Limiting Dynamics for Spherical Models of Spin Glasses with Magnetic Field

TL;DR

This paper analyzes the large-system limit of spherical spin glass models with magnetic fields, showing convergence of key dynamical quantities to solutions of explicit equations and deriving the fluctuation-dissipation theorem regime.

Contribution

It extends the dynamical analysis of spherical spin glasses to include magnetic fields, providing explicit equations and rigorous FDT regime derivation.

Findings

Convergence of empirical correlation, response, overlap, and magnetization to explicit equations.

Derivation of the FDT regime in a broad temperature-magnetization region.

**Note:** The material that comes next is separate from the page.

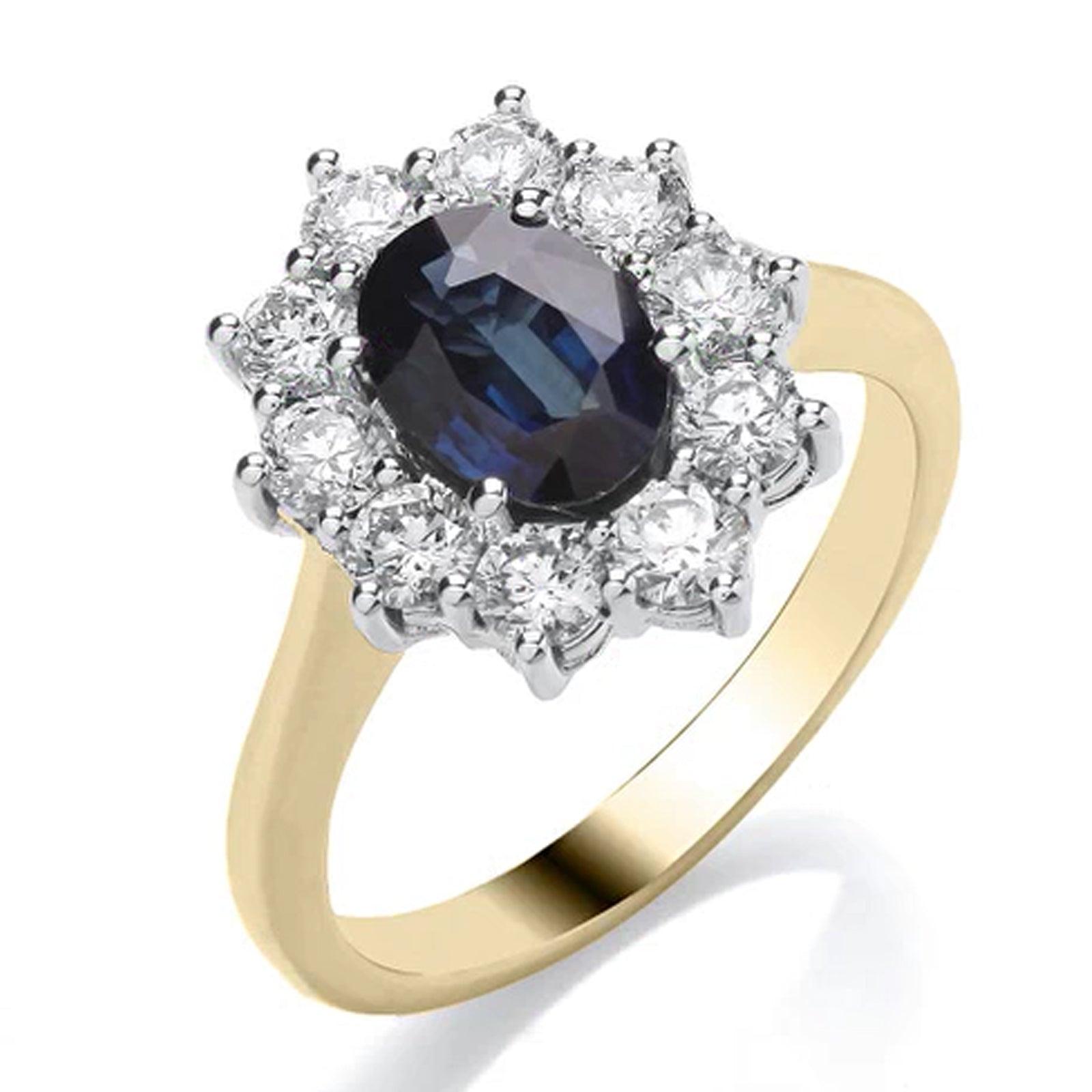 18ct Yellow Gold Oval Sapphire & 0.90ct Diamond Cluster Ring

Generalization of the Cugliandolo-Kurchan system with magnetic field.

Abstract

We study the Langevin dynamics for the family of spherical spin glass models of statistical physics, in the presence of a magnetic field. We prove that in the limit of system size N approaching infinity, the empirical state correlation, the response function, the overlap and the magnetization for these N-dimensional coupled diffusions converge to the non-random unique strong solution of four explicit non-linear integro-differential equations, that generalize the system proposed by Cugliandolo and Kurchan in the presence of a magnetic field. We then analyze the system and provide a rigorous derivation of the FDT regime in a large area of the temperature-magnetization plane.